Additional larger electric motorcycles like a scaled-up Metacycle or even electric bicycles and mopeds styled after the Metacycle could also be interesting additions to the market.

Electrek’s Take

First of all, there are many questions that have been raised here that SONDORS deserves the right to respond to. We reached out to the company for comment before publishing and will update if and when we receive a response.

We wouldn’t have known any of these details had it not been for SONDORS submitting its S-1 form in anticipation of going public. But now that we do, there are many questions left unanswered.

SONDORS has done an impressive job building a diverse range of e-bikes and becoming the first e-bike owned by many riders. The Metacycles that have already been delivered are also great rides — I recently tested one myself (and I’ll have the review finished and posted here on Electrek soon).

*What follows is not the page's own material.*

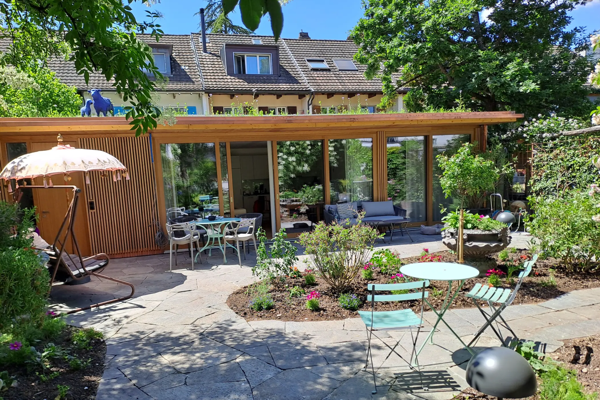 An der Hirzbrunnenstrasse 16 standen im Garten des 7-Zimmer-Eckeinfamilienhauses aus den 1930er-Jahren vier Autogaragen. Da das Vorderhaus nur noch von der Besitzerin und ihrem Mann bewohnt wurde, haben sie diese in einen «Alterssitz» umgebaut und das Vorderhaus der Tochter und ihrer Familie überlassen. Neben diesem Generationenmodell spielte auch das Konzept des verdichteten Bauens eine Rolle.

But the questions regarding the company’s financial and operational health as well as potentially misleading marketing do worry me, both as a consumer and as someone who advocates for the electric bicycle industry as a whole. The undeniable potential of e-bikes and light electric vehicles to serve as clean, efficient, healthy, and fun alternative forms of transportation is critical to improving cities around the world. As a major player in that industry, I hope that SONDORS has the capacity to succeed, both in fulfilling its commitments and in positively contributing to the industry.

The questions raised by the company’s S-1 filing certainly make me hope that the SONDORS management will be forthcoming about this information and its implications.